Some secondhand items that will go into tins of "stuff" for kids. |
Early childhood professionals stress the importance of such unstructured or open-ended play in developing children's skills in creative problem solving and original thinking. Carrie Shriver, an early childhood education specialist at Michigan State University, says, "Play, and in particular creative play, has been identified as a key component of building children’s resilience, ability to focus, and the ability to act intentionally, even when the outcome is unknown. These skills translate into competence and capability in adults."
She describes "open-ended materials" as those things that do not have a predetermined use (the way a licensed character is connected to its role in a movie, say). "A block can be a car, phone, doll’s chair, ice-cream bar or any number of other things in play," she says. (Read the full article here.)
The little desk where I assemble the tins of stuff. |
I think I must have been feeling some nostalgia for this type of play when I decided to make and sell little collections of random "stuff" for kids, in a mint tin (which always include a few buttons). I first got the idea when I would be selling at craft shows, and I had a dice game I invented for school-age kids to practice math skills. I noticed that children who were too young to do the math wanted to play with the dice.
After adding these tins to my inventory, I noticed that preschool-age kids were attracted to them, while slightly older children tended to look at them quizzically and say things like, "What are you supposed to do with this?"

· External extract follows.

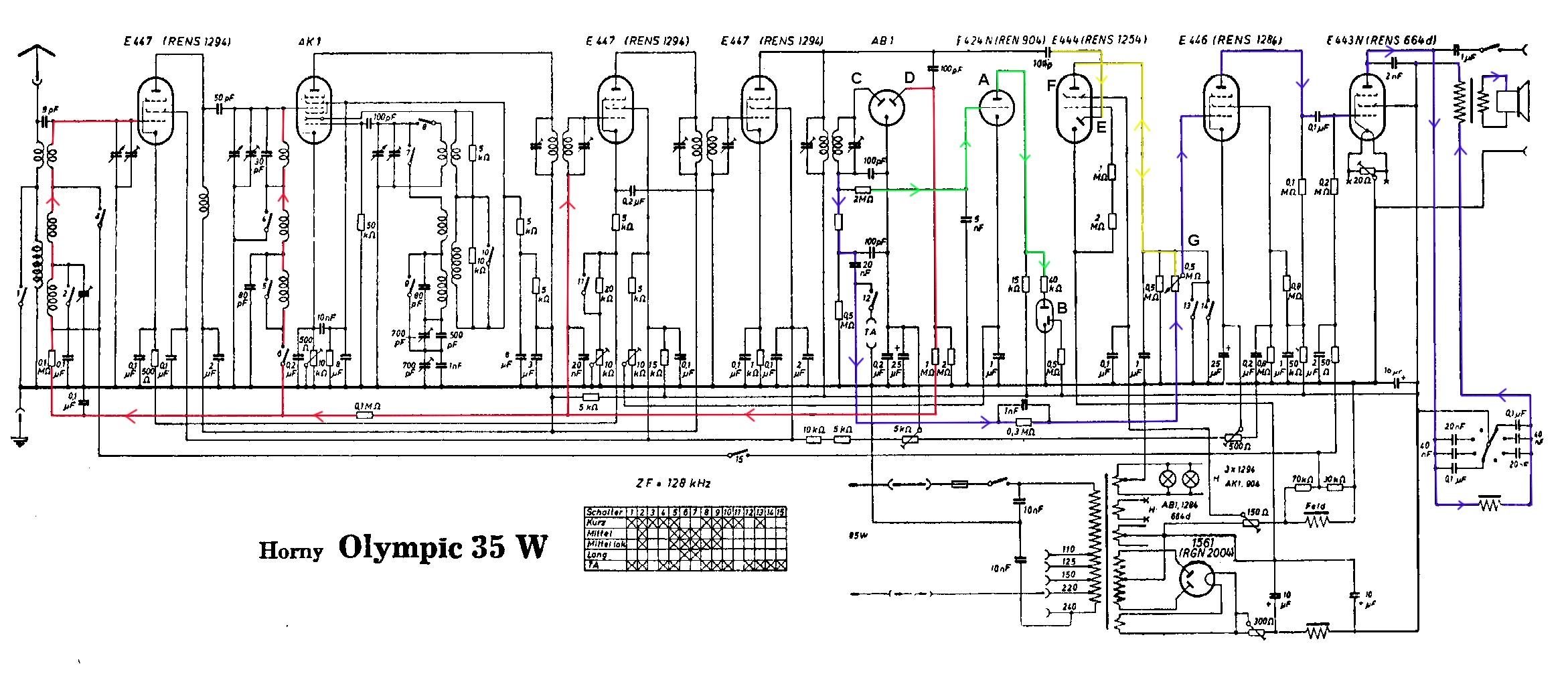 A= Steuertriode für Pegelanzeige (grün) B= Glimmstrecke für Pegelanzeige (grün) C= ZF-Demodulator-Diode D= Regelspannungsdiode (rot) E= Diode für Rauschsperre (gelb)? F= Verstärker fü Rauschsperre (gelb)? G= Lautstärkeregler (Eingreifpunkt der Rauschsperre? (gelb)

That change in attitude with age seems to fit Shriver's explanation that the first five years are critical in laying the foundation for creative skills later in life. "From birth through age 5, children’s brains are literally forming the complex web of synapses that last throughout their lives," she says. I can't help but wonder if those kids who don't "get" the little boxes of random stuff have already had their capacity for inventing their own form of play driven out of them.
Michael Patte, professor of education at Bloomsburg University, describes what he calls unstructured play as "a set of activities that children dream up on their own without adult intervention." He's concerned that too many children are over-scheduled, and that open-ended play is not happening enough these days.
Magnets I made with buttons, postage stamps, and my illustrations. |
I no longer sell at craft shows, but I still enjoy assembling my odd collections of very small open-ended materials into tins, which I cover with digital collages of my illustrations printed on a label. I suppose I'm really indulging in my own type of creative play when I collect items for the boxes, and make others (magnets, bottlecap tokens), fit them into a tin, and arrange them for photographing, before offering them for sale in my Etsy shop.